A Cultura em Movimento em Arroio Grande: Anelize Carriconde apresenta balanço das ações 

A secretária de Cultura de Arroio Grande, Anelize Carriconde. (Foto: Rafael Viana/JTR)

Os trabalhadores envolvidos com a cultura, foram diretamente afetados pela pandemia. Durante esse período considerado atípico, a Secretaria Municipal de Cultura de Arroio Grande garantiu a execução de políticas públicas que viabilizassem recursos para a manutenção desses trabalhadores.

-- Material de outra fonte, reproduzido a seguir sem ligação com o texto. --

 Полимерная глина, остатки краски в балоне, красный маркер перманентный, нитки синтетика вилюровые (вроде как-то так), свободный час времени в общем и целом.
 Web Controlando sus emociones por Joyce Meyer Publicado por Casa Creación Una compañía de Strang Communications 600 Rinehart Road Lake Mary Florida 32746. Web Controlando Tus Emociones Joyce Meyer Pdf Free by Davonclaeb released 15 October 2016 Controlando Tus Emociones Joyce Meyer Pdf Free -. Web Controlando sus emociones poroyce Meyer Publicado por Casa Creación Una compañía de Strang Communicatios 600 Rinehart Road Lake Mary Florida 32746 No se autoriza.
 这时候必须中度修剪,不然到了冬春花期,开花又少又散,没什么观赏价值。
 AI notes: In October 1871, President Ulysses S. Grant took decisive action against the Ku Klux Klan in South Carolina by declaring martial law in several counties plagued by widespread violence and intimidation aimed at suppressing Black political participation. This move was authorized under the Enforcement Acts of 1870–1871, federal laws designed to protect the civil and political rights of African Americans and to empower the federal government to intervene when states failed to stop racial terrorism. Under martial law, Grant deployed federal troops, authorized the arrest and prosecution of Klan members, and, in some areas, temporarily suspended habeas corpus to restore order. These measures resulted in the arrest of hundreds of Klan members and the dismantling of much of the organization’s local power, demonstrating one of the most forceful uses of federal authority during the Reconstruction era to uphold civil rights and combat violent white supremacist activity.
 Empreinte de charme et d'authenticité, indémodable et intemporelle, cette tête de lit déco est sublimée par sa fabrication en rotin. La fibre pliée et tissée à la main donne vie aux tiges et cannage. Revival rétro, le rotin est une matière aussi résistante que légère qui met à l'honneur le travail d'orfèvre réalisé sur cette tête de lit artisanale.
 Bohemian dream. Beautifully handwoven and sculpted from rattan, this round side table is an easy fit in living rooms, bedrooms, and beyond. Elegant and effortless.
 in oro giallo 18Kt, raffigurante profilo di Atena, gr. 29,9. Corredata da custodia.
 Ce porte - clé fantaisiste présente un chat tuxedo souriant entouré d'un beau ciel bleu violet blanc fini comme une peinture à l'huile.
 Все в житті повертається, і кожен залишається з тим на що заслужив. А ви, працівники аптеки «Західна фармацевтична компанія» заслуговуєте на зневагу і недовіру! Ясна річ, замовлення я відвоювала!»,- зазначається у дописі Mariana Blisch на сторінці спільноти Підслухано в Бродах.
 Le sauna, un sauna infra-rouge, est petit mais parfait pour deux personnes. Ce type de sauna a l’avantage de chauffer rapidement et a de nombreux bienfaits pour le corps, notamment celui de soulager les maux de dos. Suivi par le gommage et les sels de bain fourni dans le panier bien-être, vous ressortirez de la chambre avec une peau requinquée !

A secretária responsável pela pasta, Anelize Carriconde, ressalta em entrevista as ações que foram desenvolvidas ao longo desse ano no município. Ativista cultural e com uma trajetória envolvida com a causa, ela assumiu a Secretaria Municipal de Cultura ainda na gestão anterior, com o objetivo de pluralizar o cenário cultural arroio-grandense.

Para isso, busca colocar em prática sua experiência política e de gestão. Ao recordar o início do trabalho, a secretaria destaca que um dos pontos iniciais das ações foi voltado para transformar a visão em relação aos movimentos culturais mais latentes no município, como o Carnaval e o Acampamento Farroupilha.

De acordo com Anelize, essa mudança de visão diz respeito a não resumir esses movimentos somente aos eventos, mas sim buscar as mais diversas manifestações que os cercam.

Ela relata que o cenário pandêmico foi um grande desafio. No entanto, o período facilitou o diálogo no sentido de reorganizar e promover os rumos da cultura no município, sendo realizada, ao longo desse ano, as pré-conferências que culminaram com a Conferência Municipal de Cultura, reunindo diversos agentes culturais dos mais variados segmentos.

Um dos pontos evidenciados durante a conferência, de acordo com a secretária, foi a falta de formação de produtores para gerenciar e profissionalizar as áreas culturais. Baseada nessa necessidade, a secretaria já busca ações que viabilizem a formação de técnicos, diretores de palco e demais profissionais. 

Anelize considera que, durante a pandemia, a Lei Aldir Blanc foi um divisor de águas, o que exigiu uma estruturação da Secretaria no sentido de aplicar os recursos oriundos da lei em sua totalidade, missão concluída com êxito através dos projetos e editais lançados no município.

Dessa forma, a equipe de trabalho se empenhou em captar recursos, sempre garantindo a diversidade cultural, um dos fundamentos do trabalho implementado pela gestão. “Acredito que os artistas devem ser reconhecidos, acima de tudo, como trabalhadores. Para isso, é fundamental defendermos o fortalecimento das entidades, buscando a manutenção da cultura em movimento em suas mais diversas manifestações”, afirma Anelize.

Além dos recursos oriundos da lei, o município proporcionou o fomento de R$ 60 mil, com recursos próprios, que foram destinados para a realização de diversos projetos culturais através de editais, e ainda receberá R$ 30 mil do Estado, e mais R$ 15 mil em contrapartida do município para edital que será lançado na Feira do Livro.

A participação em editais foi uma prática nova para os artistas. Para isso, a equipe da Secretaria de Cultura buscou dar o suporte e orientação necessária para os trabalhadores terem acesso aos recursos, sendo criado o Cadastro dos Trabalhadores da Cultura, que busca mapear os profissionais e os segmentos culturais no município. Tal organização reflete-se na facilidade ao acesso aos recursos da esfera Estadual.

Mesmo sendo uma Secretaria de pequeno porte, o trabalho efetivo consegue estabelecer boas parcerias, buscando a criação de ambientes para o crescimento dos movimentos, com destaque para a programação recentemente realizada da Semana da Consciência Negra e ações que envolvem a comunidade LGBTQIA+, que se organizam independente de questões políticas.

A Secretaria também buscou investimentos estruturais nos espaços físicos utilizados para ações culturais, como no caso do Centro de Cultura Basílio Conceição, Museu Municipal e Biblioteca Pública. As ações são sempre realizadas baseadas nas demandas da classe artística. 

“Precisamos crescer e evoluir, mas queremos fazer isso juntos, com planejamento e organização da sociedade civil buscando a inserção e a ocupação dos espaços”, declara Anelize.

Um dos assuntos pautados pela titular da Cultura foi o cancelamento dos desfiles e do concurso das escolas de samba para o Carnaval de 2022. A decisão, tomada junto aos órgãos de saúde e agremiações carnavalescas, está baseada na insegurança sanitária e pela falta de tempo hábil para a organização das Escolas de Samba.